# Dataset excerpt:
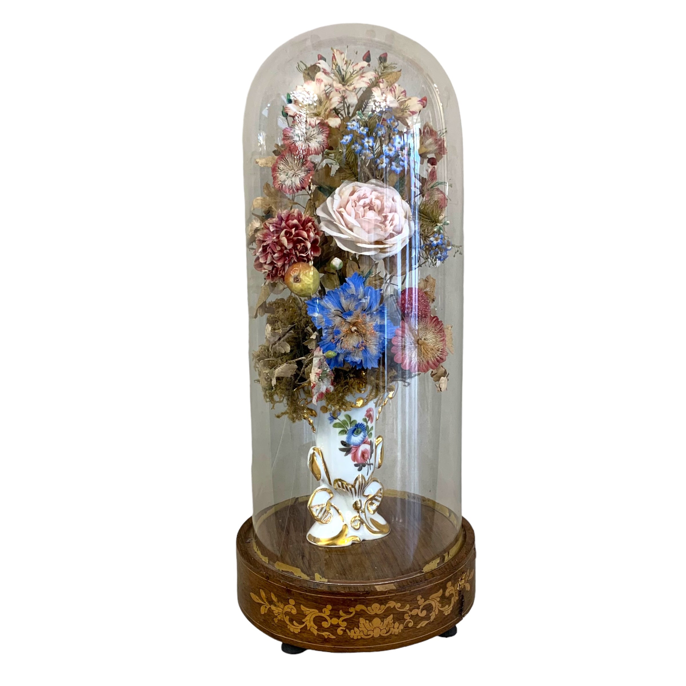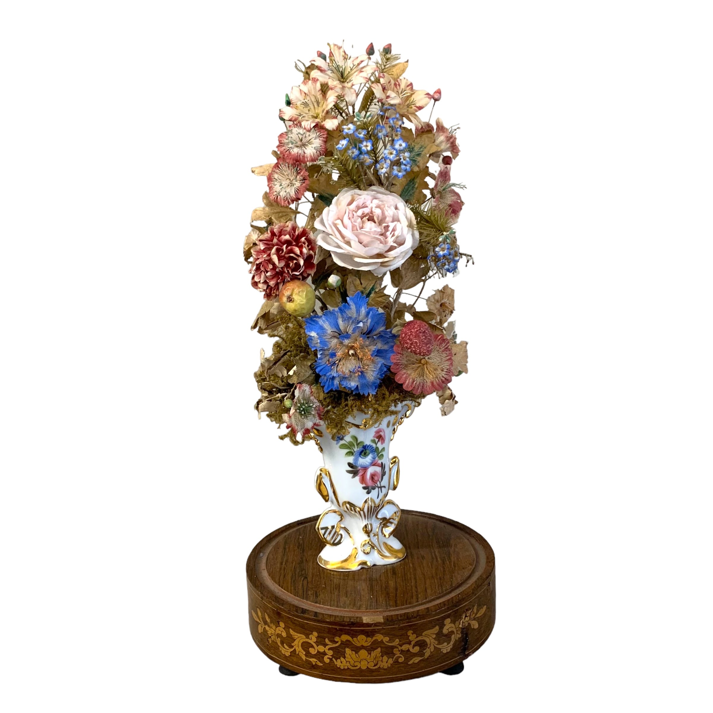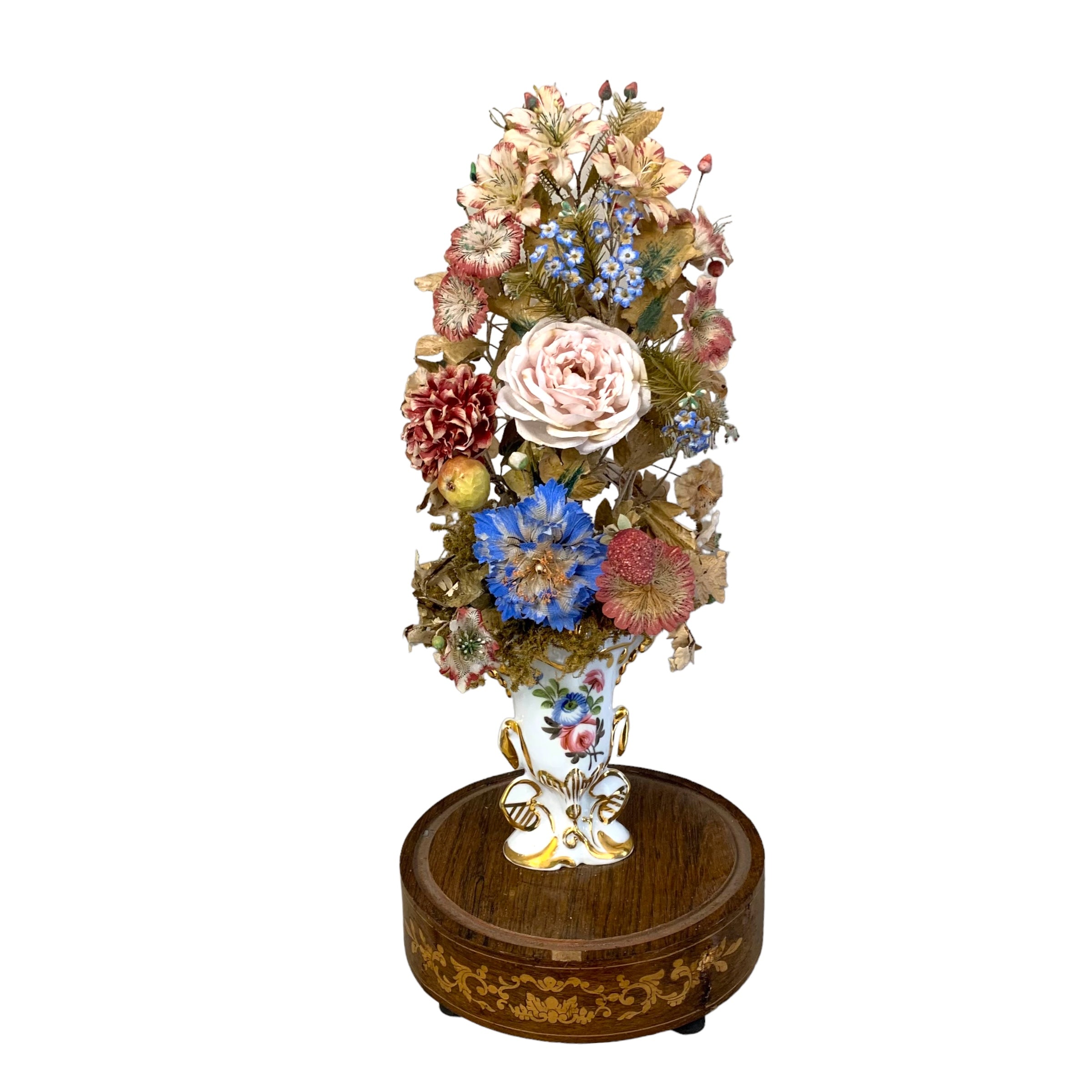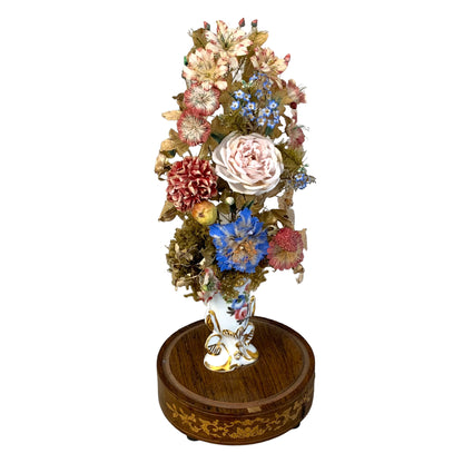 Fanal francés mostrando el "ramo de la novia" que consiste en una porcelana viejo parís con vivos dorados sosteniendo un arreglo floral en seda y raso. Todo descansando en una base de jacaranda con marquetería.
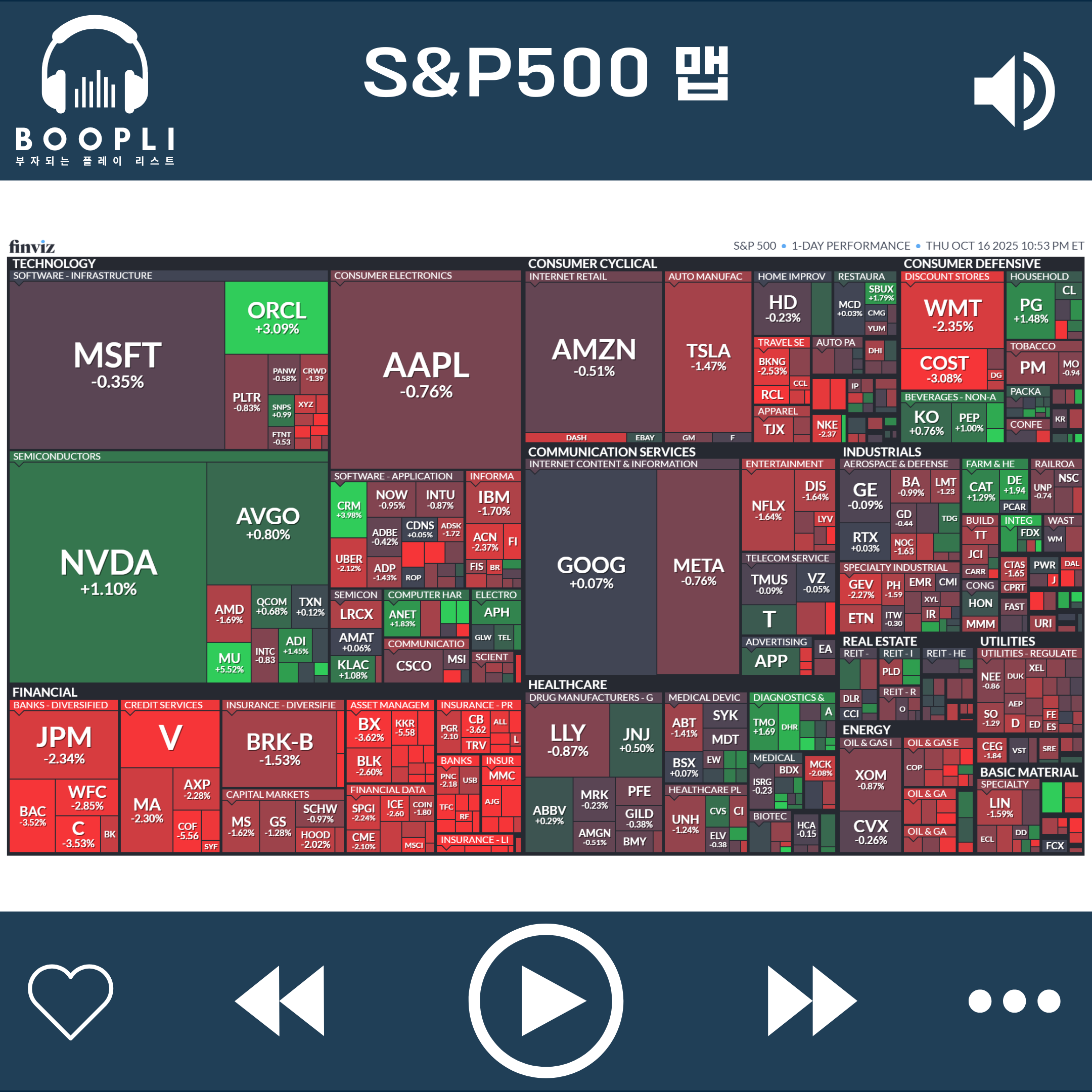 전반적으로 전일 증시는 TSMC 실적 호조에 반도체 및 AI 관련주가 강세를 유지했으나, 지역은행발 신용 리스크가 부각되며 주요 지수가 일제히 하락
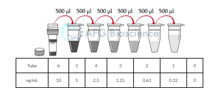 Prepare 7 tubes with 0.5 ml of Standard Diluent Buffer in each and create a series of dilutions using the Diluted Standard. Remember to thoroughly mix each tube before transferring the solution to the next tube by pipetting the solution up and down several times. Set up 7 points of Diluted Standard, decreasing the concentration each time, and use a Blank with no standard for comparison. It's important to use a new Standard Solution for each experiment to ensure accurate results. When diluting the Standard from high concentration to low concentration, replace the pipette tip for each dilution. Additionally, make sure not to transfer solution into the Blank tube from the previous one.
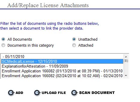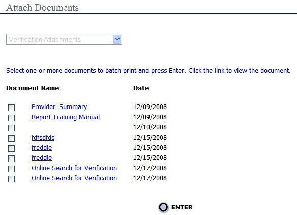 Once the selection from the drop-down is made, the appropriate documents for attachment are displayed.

# Activity:
Give back the material above exactly, with each picture removed.

# Written response:
 Fanal francés mostrando el "ramo de la novia" que consiste en una porcelana viejo parís con vivos dorados sosteniendo un arreglo floral en seda y raso. Todo descansando en una base de jacaranda con marquetería.
 전반적으로 전일 증시는 TSMC 실적 호조에 반도체 및 AI 관련주가 강세를 유지했으나, 지역은행발 신용 리스크가 부각되며 주요 지수가 일제히 하락
 Prepare 7 tubes with 0.5 ml of Standard Diluent Buffer in each and create a series of dilutions using the Diluted Standard. Remember to thoroughly mix each tube before transferring the solution to the next tube by pipetting the solution up and down several times. Set up 7 points of Diluted Standard, decreasing the concentration each time, and use a Blank with no standard for comparison. It's important to use a new Standard Solution for each experiment to ensure accurate results. When diluting the Standard from high concentration to low concentration, replace the pipette tip for each dilution. Additionally, make sure not to transfer solution into the Blank tube from the previous one.
 Once the selection from the drop-down is made, the appropriate documents for attachment are displayed.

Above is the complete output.